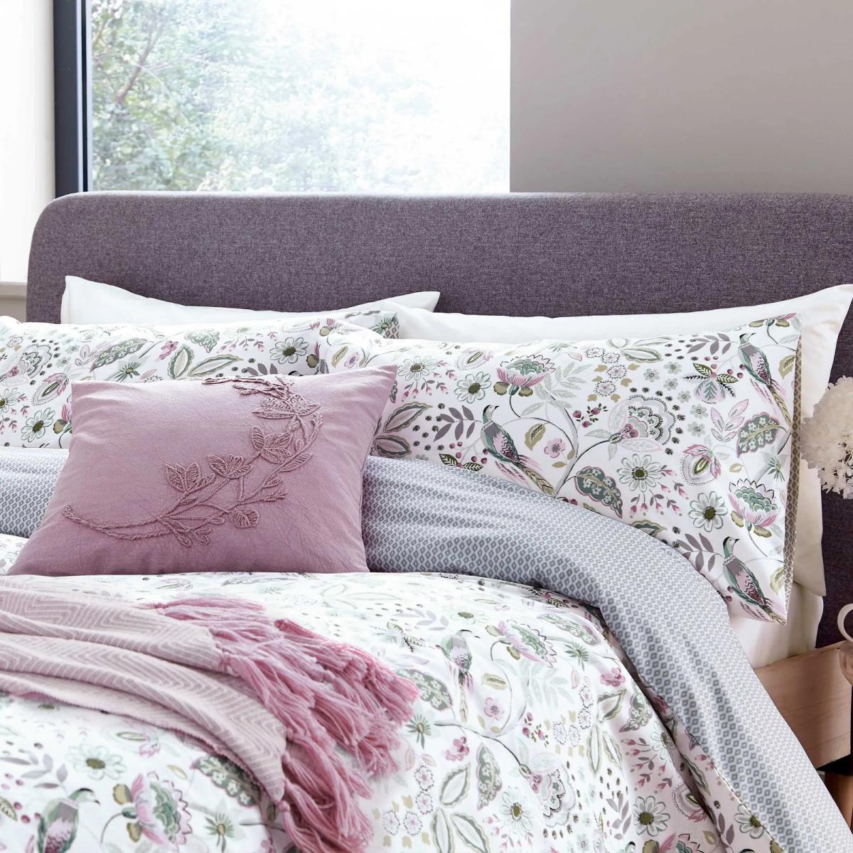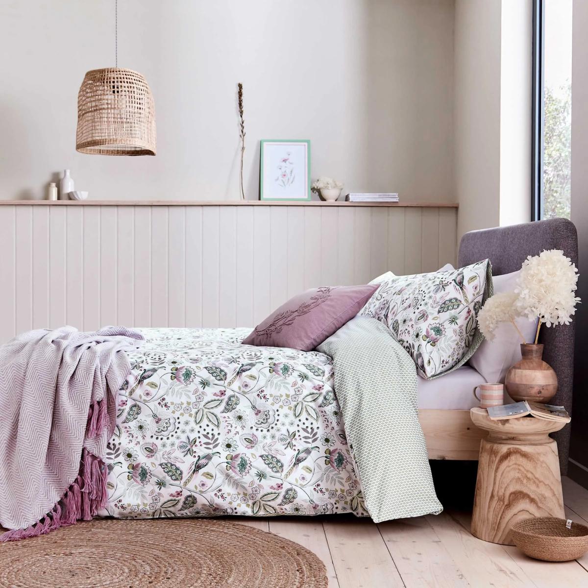 Add a touch of elegance to your bedroom with the Helena Springfield Zara Cover Set in sage green and lilac. The bird trail pattern on the front evokes a sense of tranquility and nature, creating a peaceful and serene atmosphere. The reverse features a small-scale diamond pattern, offering a modern geometric touch that complements the natural design. 50% Cotton, 50% Polyester. Machine Washable. Tumble Dry on Low Heat. Single Duvet Includes Single Pillowcase Double, King and Superking Size Duvet Includes Pair of Pillowcases Dimensions Single :140 x 200cm, Double :200 x 200cm, King : 230 x 220cm, Super King 260 x 220cm. Oxford Pillowcase: 74cm x 48cm + 5cm Please Note: All screens vary in colour reproduction and whilst every effort has been made to display the colour as accurately as possible it is for guidance only. Throw and cushion are not included and are for illustrative puposes only.
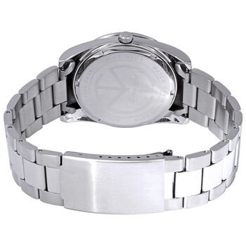 Stainless steel case with a stainless steel bracelet. Fixed stainless steel bezel. Black dial with luminous silver-tone hands and index hour markers. Minute markers around the outer rim. Dial Type: Analog. Luminescent hands and markers. Date display at the 3 o'clock position. Ronda caliber 505 quartz movement. Scratch resistant mineral crystal. Pull / push crown. Solid case back. Round case shape. Case size: 40 mm. Case thickness: 11 mm. Band width: 20 mm. Fold over clasp. Water resistant at 50 meters / 165 feet. Functions: date, hour, minute, second. Casual watch style. Watch label: Swiss Movt. Mathey-Tissot Mathey I Quartz Black Dial Men's Watch H450AN.
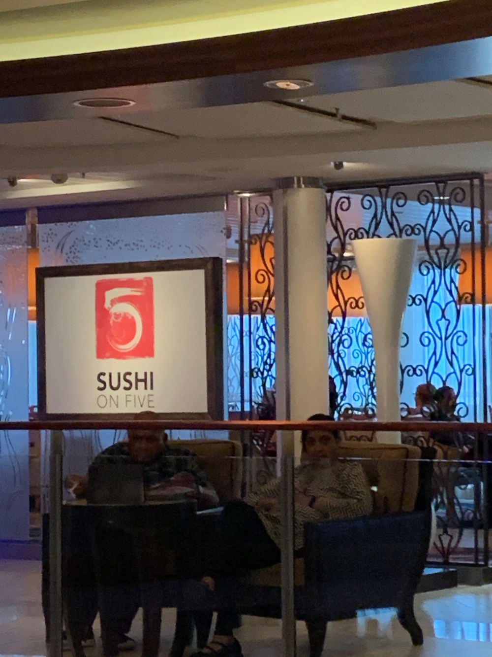 •Sushi on 5, 18:00 – 22:00pm deck 5 (takeaways available & delivery to stateroom)
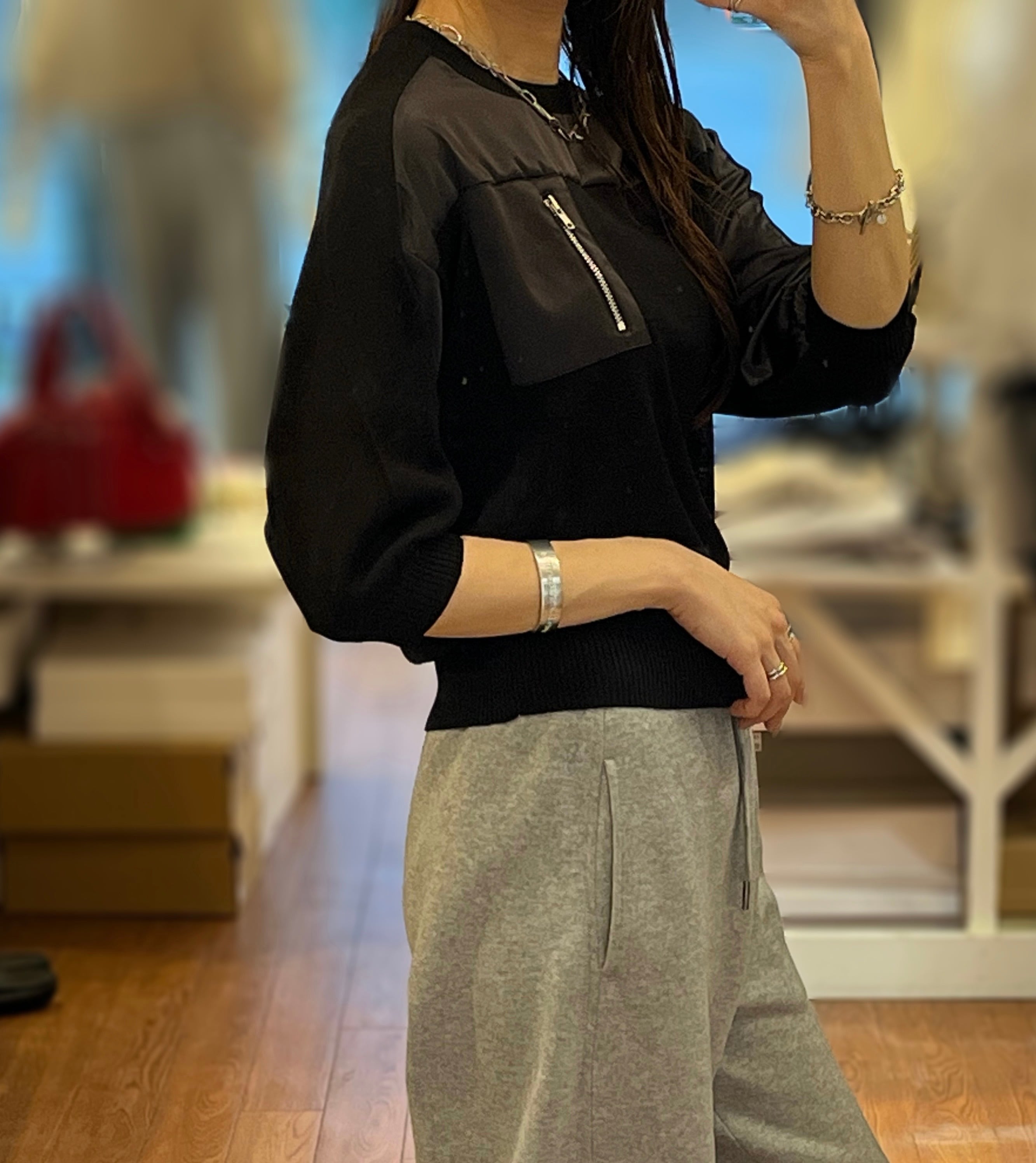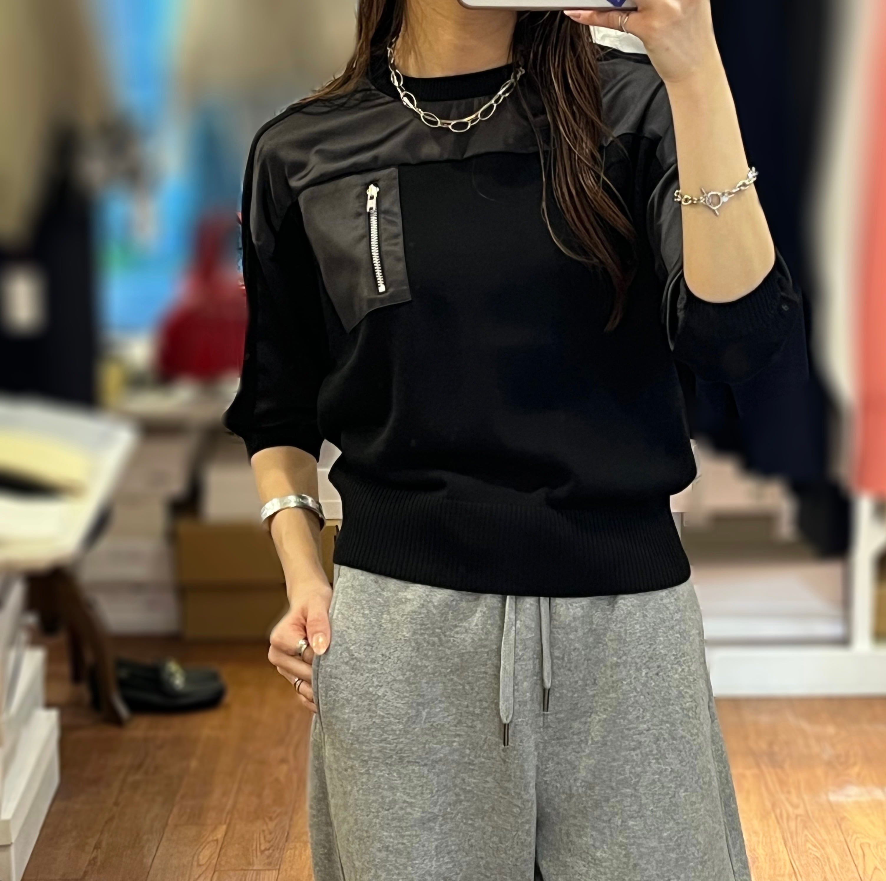 ミリタリーな印象のデザインとシアー素材を組み合わせたコンパクトなデザイントップス。
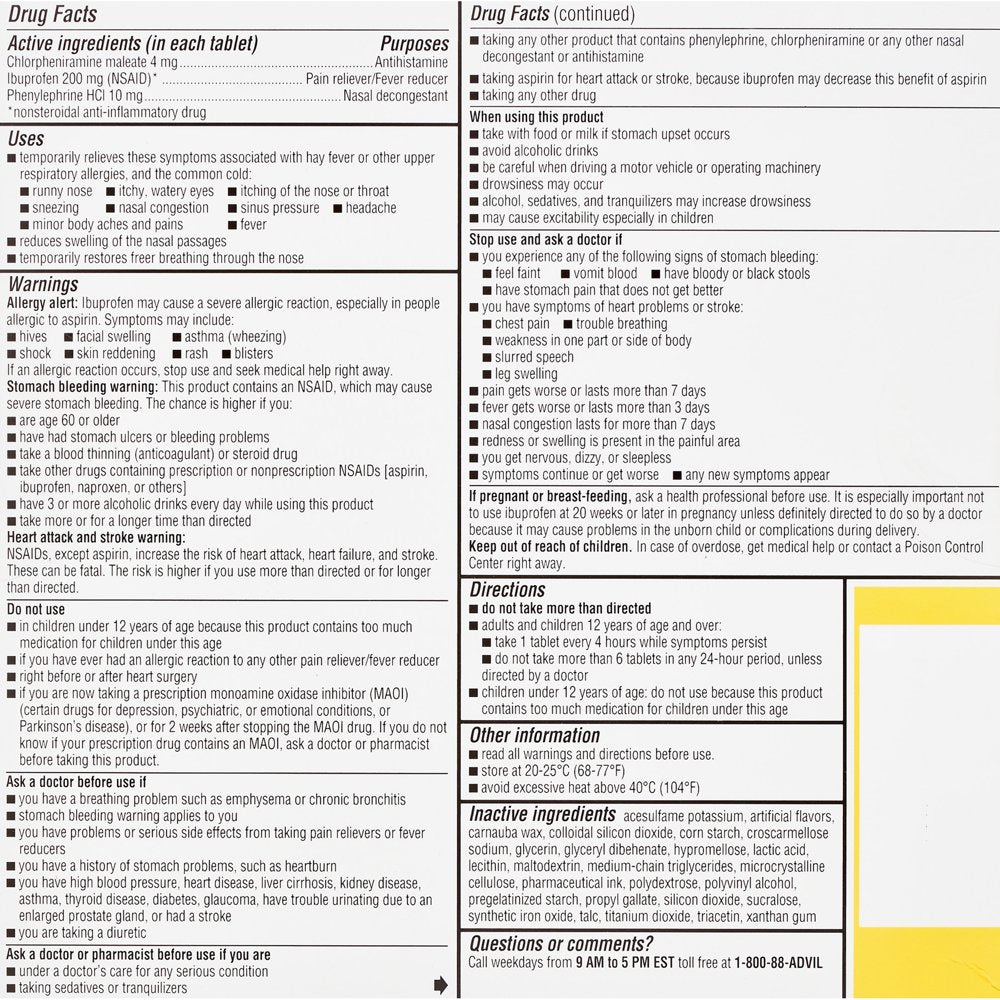 Advil Allergy and Congestion Relief stops tough allergy and sinus symptoms in their tracks. This allergy and sinus medicine delivers multi-symptom relief in one pill. Each dose contains ibuprofen 200mg—an anti inflammatory pain reliever and fever reducer that fights headache, fever and body aches. Phenylephrine HCl 10mg—a nasal decongestant—and chlorpheniramine maleate 4 mg—an antihistamine— work together to control runny nose, sneezing, sinus pressure, nasal congestion and swelling, and itchy, watery eyes. Just one of these tablets helps control your tough allergy and sinus symptoms for four hours. These allergy relief tablets are easily portable, keeping you ready whenever allergy and nasal sinus pressure symptoms strike. Trust Advil to control your allergy and sinus symptoms.

** Problem details **
Retype the full listing exactly; pictures stay out.

** Task solution **
 Add a touch of elegance to your bedroom with the Helena Springfield Zara Cover Set in sage green and lilac. The bird trail pattern on the front evokes a sense of tranquility and nature, creating a peaceful and serene atmosphere. The reverse features a small-scale diamond pattern, offering a modern geometric touch that complements the natural design. 50% Cotton, 50% Polyester. Machine Washable. Tumble Dry on Low Heat. Single Duvet Includes Single Pillowcase Double, King and Superking Size Duvet Includes Pair of Pillowcases Dimensions Single :140 x 200cm, Double :200 x 200cm, King : 230 x 220cm, Super King 260 x 220cm. Oxford Pillowcase: 74cm x 48cm + 5cm Please Note: All screens vary in colour reproduction and whilst every effort has been made to display the colour as accurately as possible it is for guidance only. Throw and cushion are not included and are for illustrative puposes only.
 Stainless steel case with a stainless steel bracelet. Fixed stainless steel bezel. Black dial with luminous silver-tone hands and index hour markers. Minute markers around the outer rim. Dial Type: Analog. Luminescent hands and markers. Date display at the 3 o'clock position. Ronda caliber 505 quartz movement. Scratch resistant mineral crystal. Pull / push crown. Solid case back. Round case shape. Case size: 40 mm. Case thickness: 11 mm. Band width: 20 mm. Fold over clasp. Water resistant at 50 meters / 165 feet. Functions: date, hour, minute, second. Casual watch style. Watch label: Swiss Movt. Mathey-Tissot Mathey I Quartz Black Dial Men's Watch H450AN.
 •Sushi on 5, 18:00 – 22:00pm deck 5 (takeaways available & delivery to stateroom)
 ミリタリーな印象のデザインとシアー素材を組み合わせたコンパクトなデザイントップス。
 Advil Allergy and Congestion Relief stops tough allergy and sinus symptoms in their tracks. This allergy and sinus medicine delivers multi-symptom relief in one pill. Each dose contains ibuprofen 200mg—an anti inflammatory pain reliever and fever reducer that fights headache, fever and body aches. Phenylephrine HCl 10mg—a nasal decongestant—and chlorpheniramine maleate 4 mg—an antihistamine— work together to control runny nose, sneezing, sinus pressure, nasal congestion and swelling, and itchy, watery eyes. Just one of these tablets helps control your tough allergy and sinus symptoms for four hours. These allergy relief tablets are easily portable, keeping you ready whenever allergy and nasal sinus pressure symptoms strike. Trust Advil to control your allergy and sinus symptoms.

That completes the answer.